Tout en lavant rigoureusement les cheveux de sa nouvelle pensionnaire, elle
rêvait tout éveillée, se voyant déjà régnant sur les affaires d’une Fiora
couverte d’or et de joyaux par tout le Sacré Collège répandu à ses pieds. Mais,
à dire vrai, la jeune femme ne l’écoutait pas davantage.
Elle
réfléchissait tout en se laissant aller au simple plaisir de ce bain chaud et
parfumé et dont elle avait grand besoin. Un plaisir qu’elle n’avait pas goûté
depuis plusieurs jours car la coutume voulait que l’on n’allât pas aux étuves
lorsque la mort passait dans une maison...
Après
le bain dans lequel Khatoun la remplaça après avoir reçu l’ordre de se
débrouiller toute seule, Pippa enveloppa Fiora dans un drap et l’installa le
dos au brasero pour faire sécher ses cheveux :
– J’reviendrai
t’masser et t’parfumer tout à l’heure ! déclara-elle en quittant la
chambre à la grande satisfaction de Fiora qui se rapprocha aussitôt de Khatoun
occupée à se savonner avec un soin maniaque.
– Je
ne te remercierai jamais assez pour ce que tu as fait, lui dit-elle. Peux-tu me
dire, à présent, où nous sommes ?
– Dans
le quartier San Spirito, outre Arno. La maison est derrière celle d’un marchand
de chandelles vers le milieu d’une petite rue qui débouche en face du grand
palais inachevé...
– Le
palais des Pitti ? Celui dont ils ont dû abandonner la construction ?
– C’est
ça. On entre ici par un long couloir et il n’y a aucune fenêtre donnant sur la
ruelle. Il y a une lanterne rouge au-dessus de la porte.
– Autrement
dit, ça ne va pas être facile d’en sortir, sinon impossible, Qui viendrait nous
chercher ici ?
– Il
y a tout de même quelqu’un qui sait... Khatoun baissa la voix de plusieurs tons
et agita l’eau du bain pour mieux la couvrir. C’est un vieux mendiant que j’ai
rencontré près du couvent. Il a été très bon, très généreux. La femme avait
raison : c’est défendu de mendier sans la permission des autres mais lui m’a
permis. Il m’avait prise un peu sous sa protection et il était avec moi quand
les hommes t’ont apportée ici...
– Tu
lui avais dit pourquoi tu t’étais installée près de Santa Lucia ?
– Oui.
– Et
il t’a aidée tout de même ?
– Oui
mais ensuite il m’a conseillé de rentrer à la maison. Je n’ai pas voulu. Alors,
il a disparu en me disant que si je restais là je me ferais prendre...
Tristement,
Fiora retourna prendre sa place auprès du feu.
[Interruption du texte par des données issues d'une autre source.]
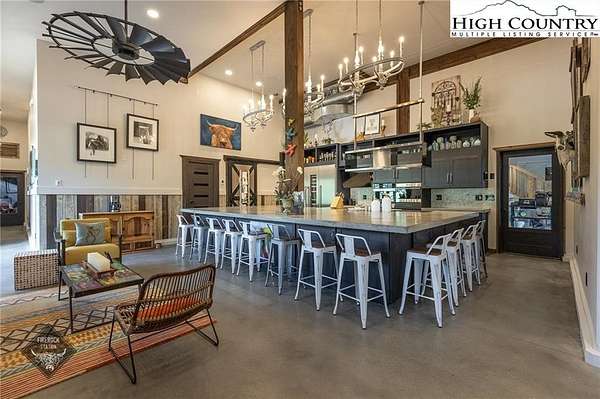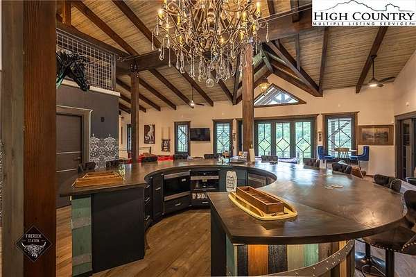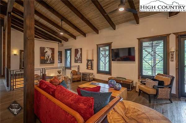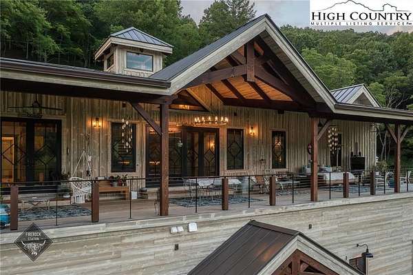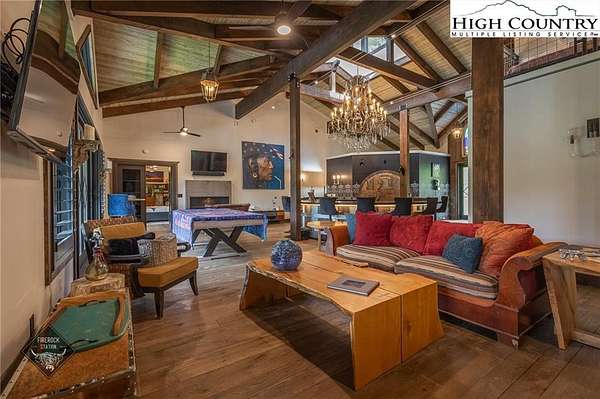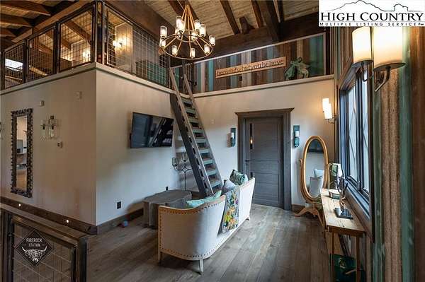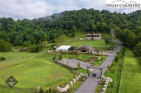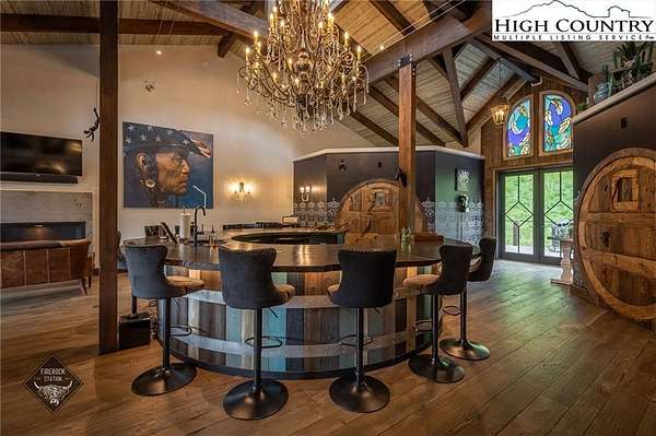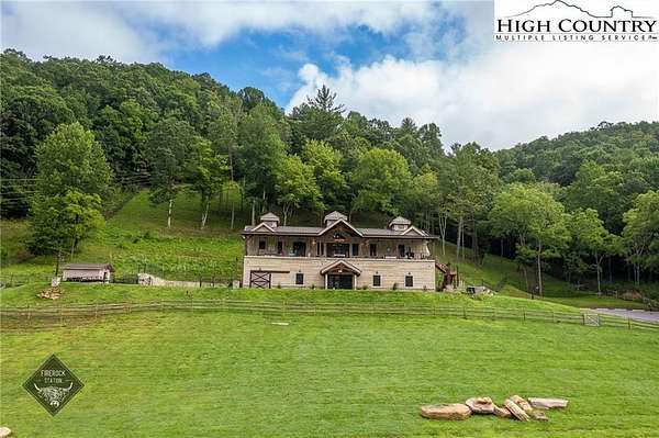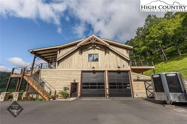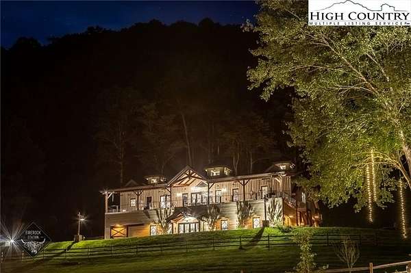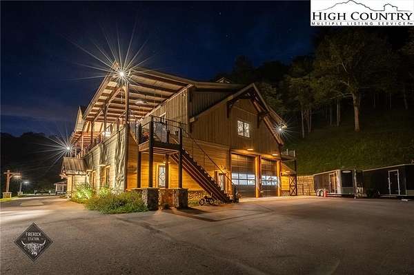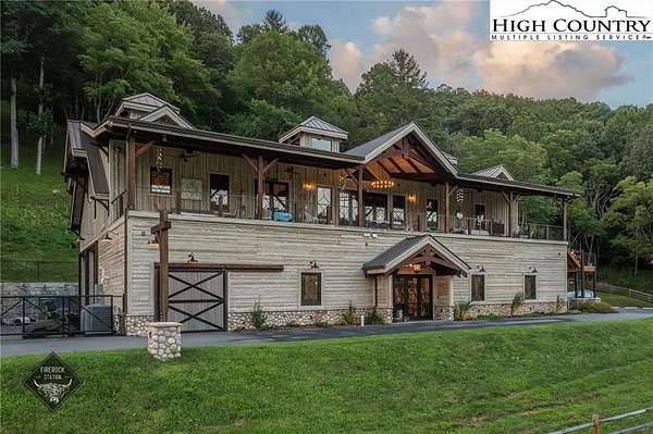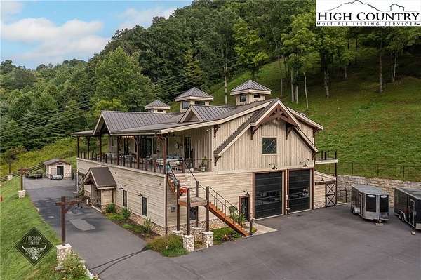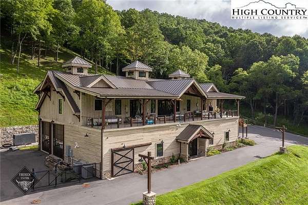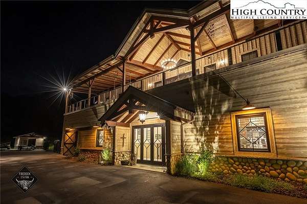 Luxurious custom and truly one-of-a-kind timber frame residential home perched above the High Country's award winning wedding venue, Firerock Station. Can be purchased separately or together with the venue for $6,250,000. First floor has a massive kitchen with a hand poured concrete island that you could literally have a dance party on. Dining area with gas fireplace, small sitting area, walk-in pantry, bonus room with en-suite including laundry as well as a lofted office space above. Take the elevator (should you wish) upstairs to the massive great room with cathedral ceiling, hand scraped oak flooring, horseshoe bar with reclaimed barn wood, game area with second gas fireplace, main laundry room, theatre room with 7 reclining theatre seats & projector screen, guest bedroom with en-suite plus additional sleeping space in the loft. Impressive primary suite with an incredibly large marble shower, oversized jacuzzi tub with fireplace, multiple walk in closets as well as a personal gym. Massive RV garage with two additional ATV garages & space for about 4 addtl vehicles as well as an insane amount of storage. Behind house is a fully fenced in yard that goes about half way up to the ridge. There is a covered deck that spans the length of the home & offers lovely pastoral views. This property would make an excellent Short Term Rental & is being offered fully furnished. Because the ingress/egress is directly from the garage the first floor sleeping area cannot be called a bedroom. Septic system is shared with the venue. Boundary survey has been completed in order to subdivide the venue & the house, acreage advertised is based on that survey. Lead listing agent is related to seller & seller is also a licensed NC broker.

Le mince espoir qu’elle avait
conçu s’évanouissait comme le mendiant dans la nuit. Il avait eu pitié de
Khatoun et c’était tout ! Fonder quelque espérance sur l’intérêt d’un être
aussi dépourvu qu’un mendiant relevait de la pure folie. Il faudrait essayer de
trouver autre chose. Mais quoi ?
Quand
Pippa revint, elle lava les cheveux de Khatoun et la fit sortir de l’eau, ôta
la bonde du baquet pour le vider puis revenant à Fiora, la fit étendre sur le
lit pour oindre son corps d’une huile parfumée tandis que Khatoun se séchait à
son tour. Le nez froncé, Fiora renifla l’odeur qui s’échappait des mains de la
Virago.
– Qu’est-ce
que ce parfum ? Celui que j’employais était fait d’iris, de verveine et d’un
peu de jasmin.
– Ça
sent sûrement très bon mais ça ne doit pas valoir grand-chose pour l’amour. Ça,
c’est du nard et ça coûte assez cher pour qu’tu fasses pas la grimace.